Snow Pudding Custard Sauce:

3 egg yolks
1/4 c. sugar
1/8 tsp. salt
2 c. scalded milk
1/2 tsp. vanilla

Slightly beat the egg yolks using a fork. Add sugar and salt. While stirring the egg mixture, add the scalded milk.

Cook in a double boiler, stirring until mix thickens and a coating is formed on the spoon.

Cool down and then refrigerate along with Snow Pudding.

*sigh*

December 19, 2006 11:11 AM  
Anonymous Anonymous said...

At Thanksgiving my brother-in-law said we had become the generation that did the cooking. (He's the one who makes the rolls.)

Levin

December 19, 2006 10:10 PM  
Blogger mary grimm said...

Not only are my sister and I the generation that does the cooking, I'm already edging past that, since sometimes my daughters do the cooking.
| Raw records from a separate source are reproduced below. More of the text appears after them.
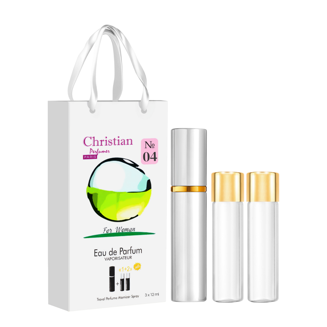Духи жіночі з феромонами Christian DKNY Be Delicious № 04 подарункові з атомайзером 3 шт по 12 мл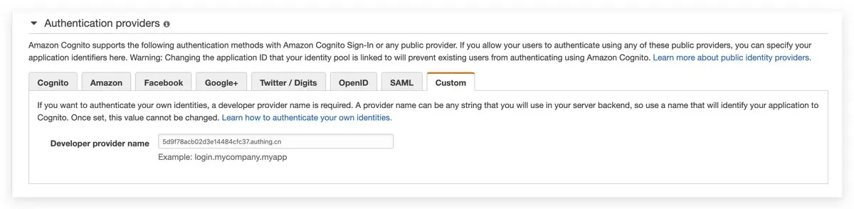 在创建 AWS Identity Pool 时,可以配置自定义 Authentication providers,这里我们将 Developer provider name 设置为 .authing.cn 格式: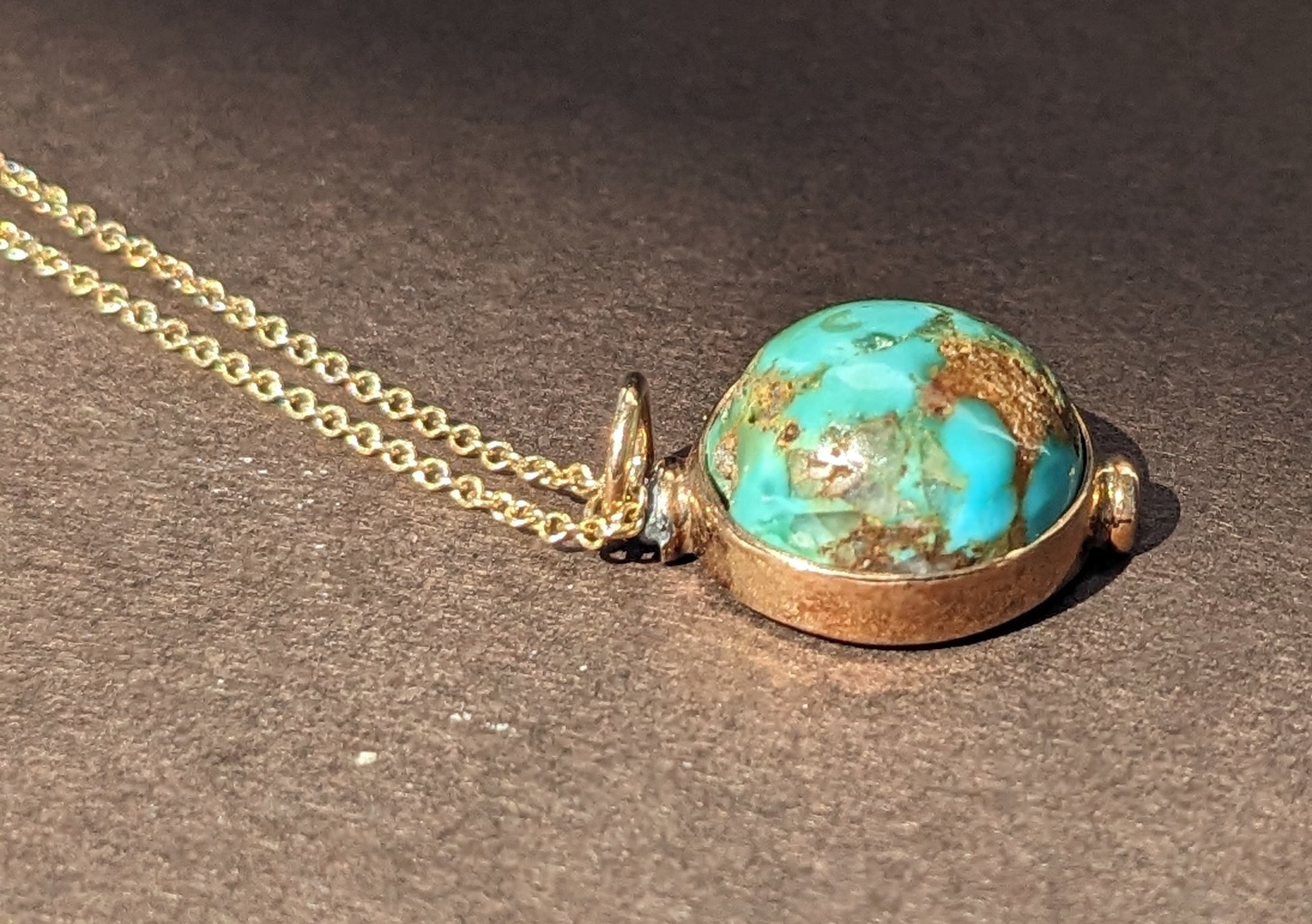 Natural Turquoise Cabochon Pendant 14k Chain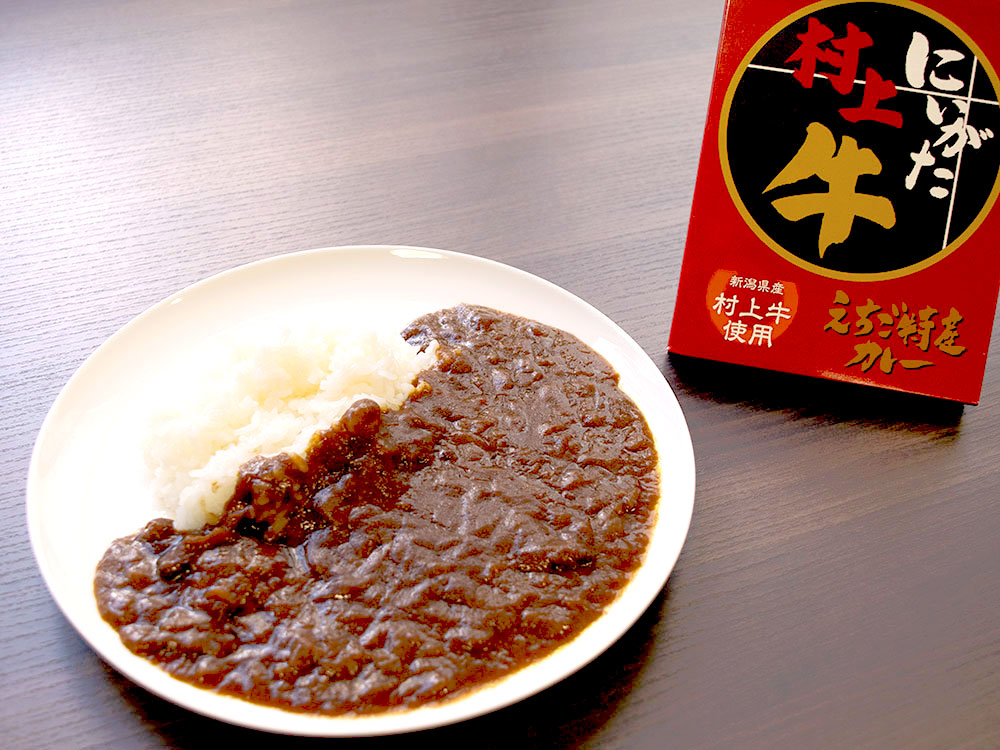 黒毛和牛の中でも、格付等級A-4・B-4以上の品質であるものを「村上牛」と呼んでおり、全国肉用牛枝肉共励会で最高位の名誉賞を受賞した経歴のあるお肉。豊かな風味、深い味わいの村上牛の旨みがぎっしり詰まった中辛カレー♪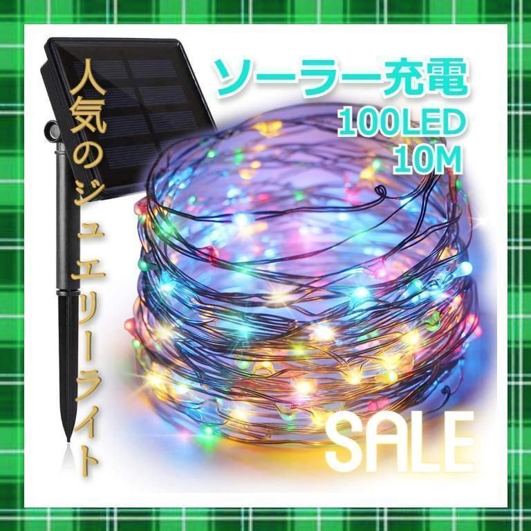 - ★売れ筋★ ソーラー充電 イルミネーションライト ワイヤー 100球 10m カラフル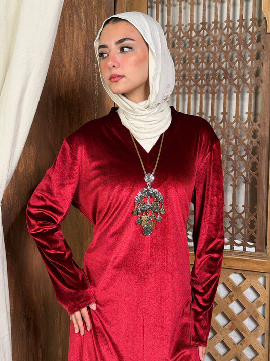 Lamsa - لَمْسَة Velvet Dress with adjustable belt"red"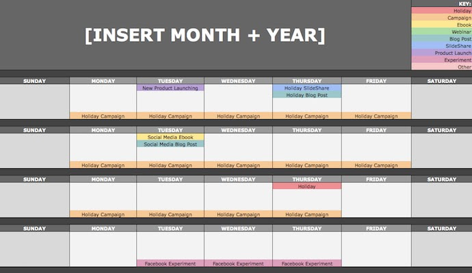 Hubspot’s editorial calendar template is a DIY that helps outline your strategy.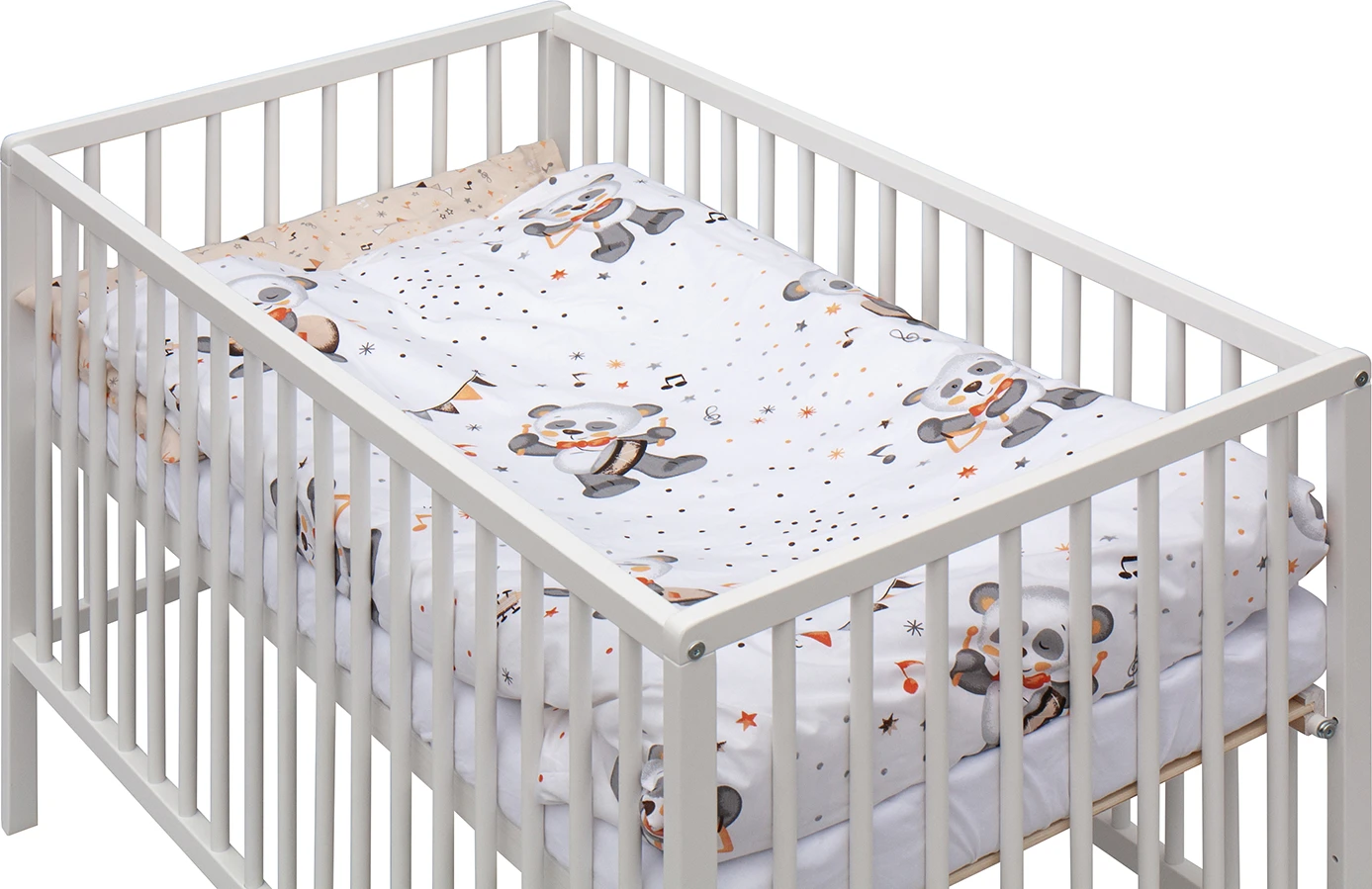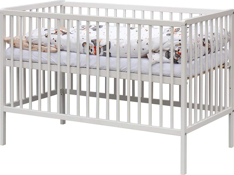 Postieľka disponuje dvoma polohami roštu a tromi vyberacími priečkami, ktoré uľahčujú každodennú manipuláciu aj prispôsobenie podľa rastu dieťaťa. Súčasťou kompletu je matrac aj kompletná posteľná výbava, takže máte všetko potrebné prehľadne v jednom balení bez starostí.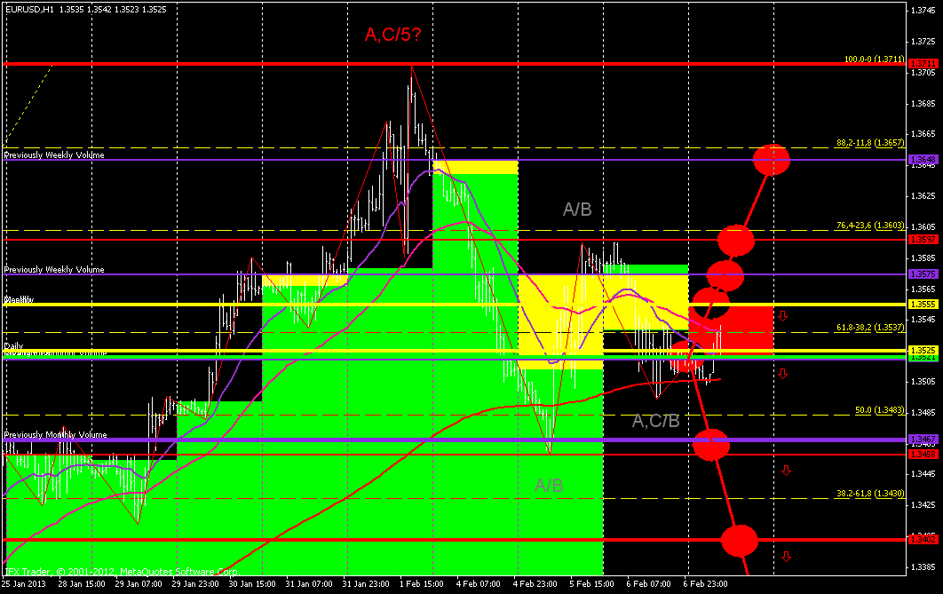 Евро продолжает коррекционное движение и формирует медвежью неопределенную волну А,С/В (Н1). Вчерашнее снижение пары было приостановлено на уровне 1,3521 (предыдущий месячный объем). Ключевым уровнем на данный момент является 1,3555, где сосредоточен месячный и недельный объем фьючерса. Видимо, что куда пробьем, туда и пойдем. Возможны и ложные заскоки, как ни как, сегодня выходят данные о процентной ставке в Еврозоне. Целевой уровень поддержки на уровне 1,3325 (предыдущий месячный объем), это если начнем падать. Рост пары, думаю, пока ограничен, хотя кто знает. Прикрепленные файлы:

This Xmas I'm going to older daughter's house for Xmas dinner.
A lovely post.

December 20, 2006 10:29 AM  
Anonymous Anonymous said...

Great...
I had to sit through the "Good but wierd" stuff, and now that you're doing just "good" stuff, you're halfway across the country.
That's just great...

"Kitsch" food is a staple at the fire house.

December 20, 2006 8:30 PM  
Anonymous Anonymous said...

Do you have a recipe for Shepherd's Pie. I've heard of it before but need a recipe to try it.